The rejected hypothesis of using soil maps to estimate SOC storage may result from the fact that urban soils are often constructed. Especially in greenspaces that were used as playgrounds, it was clearly visible that the upper 20 cm consisted of allochthonous soil with a different texture and colour. Over time, mixing may occur due to the burrowing activity of soil fauna, especially by soil invertebrates, such as earthworms, which was observed at some of the older sites. However, at some of the younger or recently redecorated greenspaces, the external top layer did not visibly mix yet, which implied minimal influence of the original substrate. These findings have implications for soil C modelling as the extrapolation of soil maps over urban areas may not be the most appropriate approach to estimate soil C stocks. It also has significance for soil C stock estimations as the buried horizon, i.e. the former topsoil, or peaty subsoils in the case of the ‘Meerveen’ soils may contain significant amounts of C. Additionally, where peaty soils were expected, the applied sampling method could not confirm whether this was the case. ‘Meerveen’ soils consist of mineral topsoil on top of a nutrient-rich peat layer (~ 60 cm deep). As only the upper 30 cm of soil was sampled, the soil type could not be confirmed. Plausibly, the SOC concentration in the upper 30 cm of the mineral layer of ‘Meerveen’ soil did not accurately reflect the C concentrations of the entire soil profile.
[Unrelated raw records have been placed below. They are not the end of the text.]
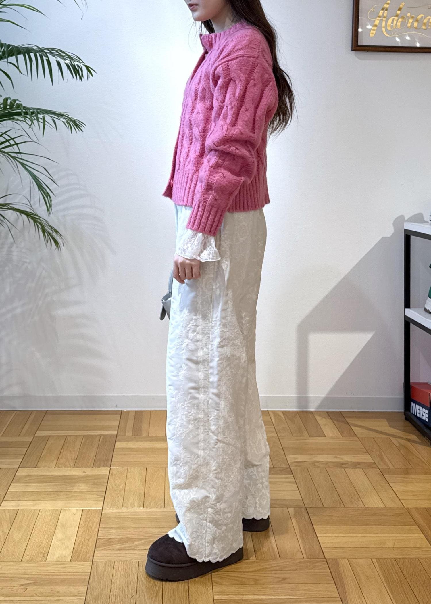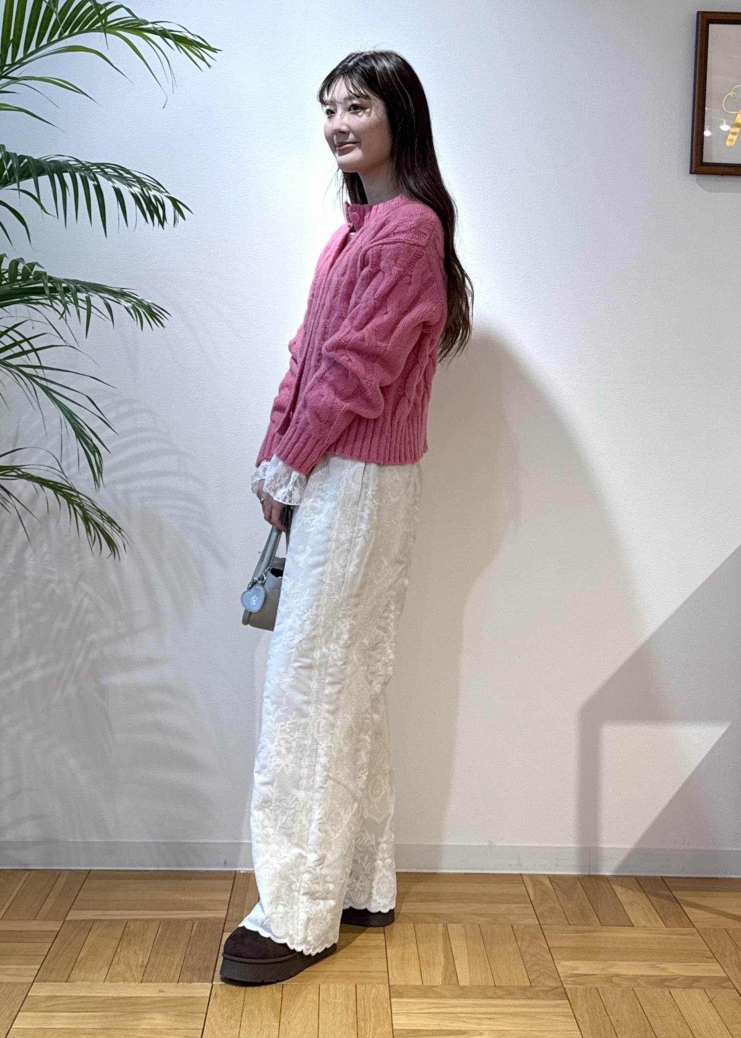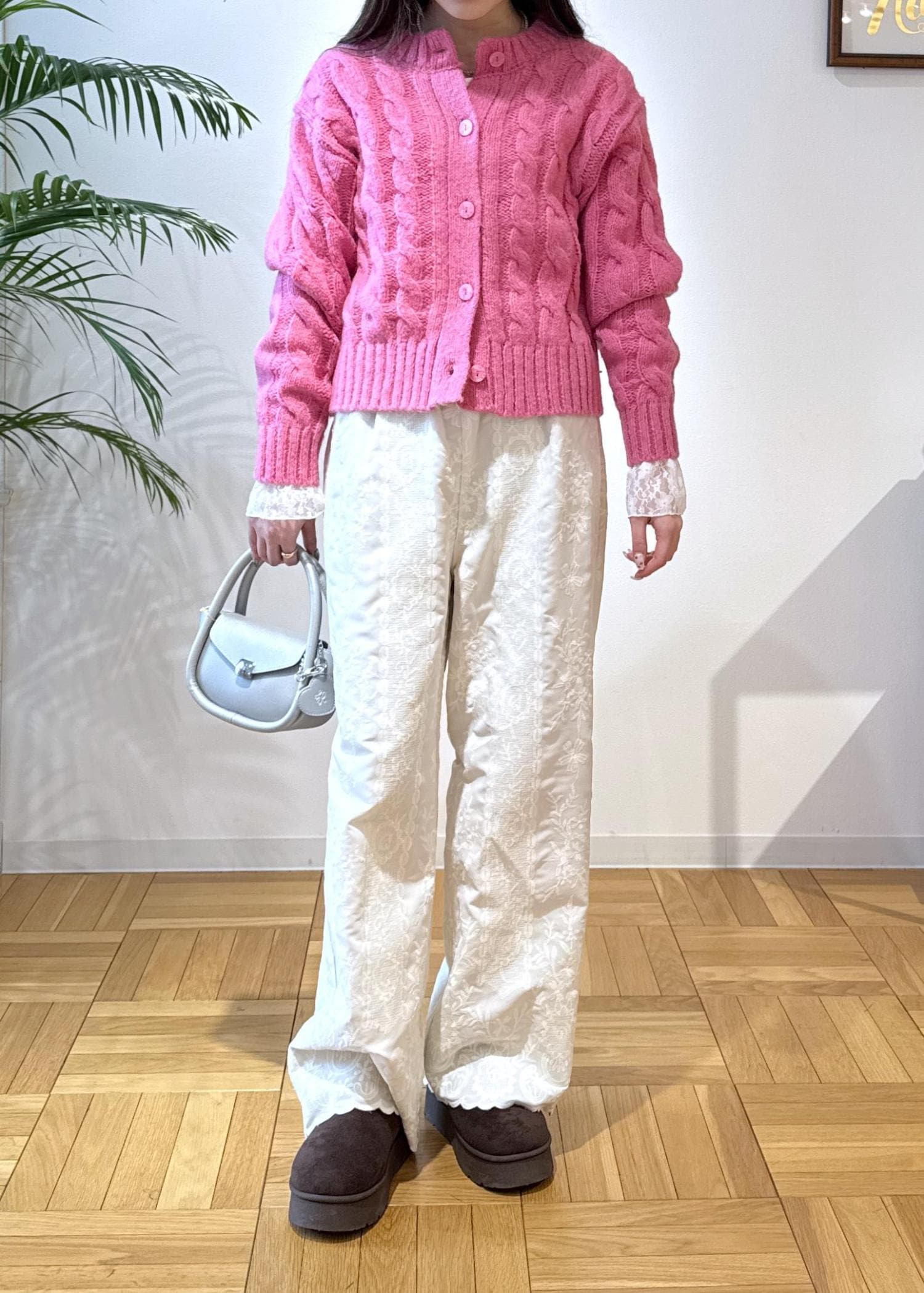 冬場は落ち着いたお色味を着がちですが、ピンクがアクセントに!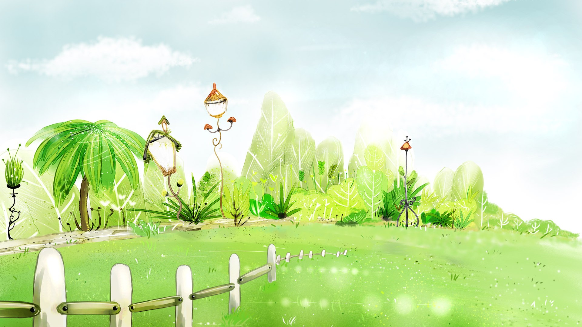 草天空树木围墙栅栏精美风景电脑壁纸免费下载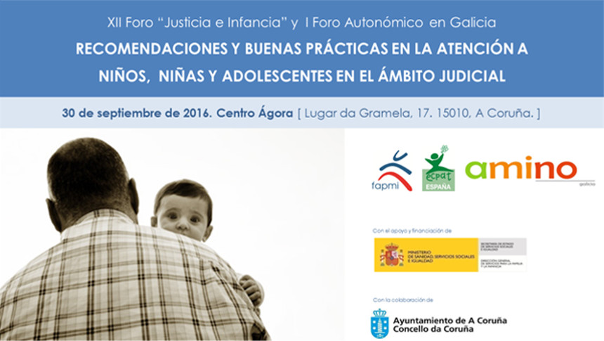 A Federación de Asociacións para a Prevención do Maltrato Infantil (FAPMI-ECPAT España) xunto coa Asociación contra o Abuso e Maltrato Infantil en Galicia (AMINO.Gal), co apoio e financiamento do Ministerio de Sanidade, Servizos Sociais e Igualdade e a colaboración do Concello da Coruña, organizan o XII Foro "Xustiza e Infancia" e o I Foro Autonómico en Galicia que terá lugar na Coruña o vindeiro venres 30 de setembro de 2016.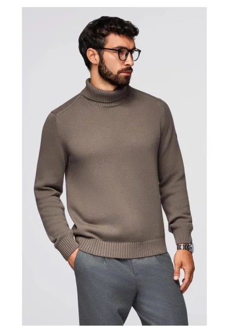 Плетен пуловер с висока яка  OM-SWTN-0163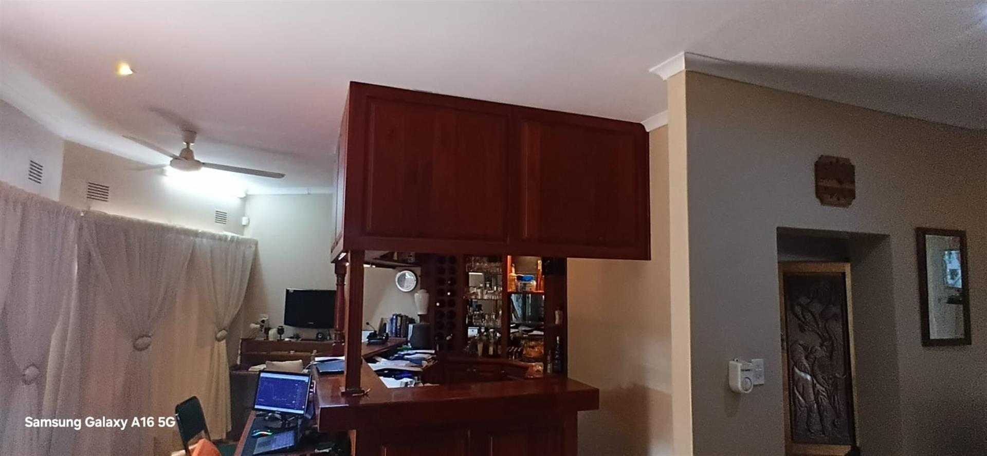 Additional features of this remarkable home include air conditioning, aluminum windows, and a backup water system. The bar area is perfect for hosting friends and family, while the various built-in cupboards and storage options provide ample space for keeping your living areas tidy. The home is also pet-friendly, making it an ideal choice for animal lovers.

Considering land ownership, this study detected higher soil total C densities in the soils of publicly owned greenspaces than in those of privately owned greenspaces. However, when looking at SOC only, land ownership did not result in significantly different SOC densities (Fig. 3C). SIC densities on the other hand were significantly higher in publicly owned greenspaces than privately owned greenspaces, which is likely due to their closer location to roads, and thus higher susceptibility to dust inputs. Moreover, topsoil mineralization rates were higher in privately owned greenspaces than in publicly owned greenspaces which may explain the observed differences in C stocks and may reflect the different greenspace management practices of the landowners.
In contrast with Edmondson et al. (2014), Rawlins et al. (2008) and Pouyat et al. (2009), this study did not find that privately owned greenspaces contained higher SOC contents than publicly owned greenspaces, which is likely because this study did not include private domestic gardens. Rather, the distinction between private and public was made based on whether greenspaces were managed by the municipality. Private greenspaces in this study entailed communally owned greenspaces such as communal gardens and cemeteries.
Regarding the urbanization extent, larger C densities were detected in the city centre than in the suburbs of The Hague (Fig. 3D). This pattern differed for several urban soil studies; for example in Berlin the suburbs contained higher C densities than the city centre (Richter et al. 2020), but in Paris, the city centre contained higher SOC densities than the suburbs (Cambou et al. 2018). For Berlin, higher SOC densities in the suburbs likely resulted from management effects in the large domestic gardens that are typical for the suburbs of Berlin (Richter et al. 2020). In Paris, the higher SOC densities are explained by the substrate origin; city centre greenspaces were constructed with soil rich in SOM and suburban greenspaces were constructed with soils poorer in SOM (Cambou et al. 2018). This historic origin was also likely the case for The Hague in combination with the fact that the original substrate was also C poorer in the suburbs.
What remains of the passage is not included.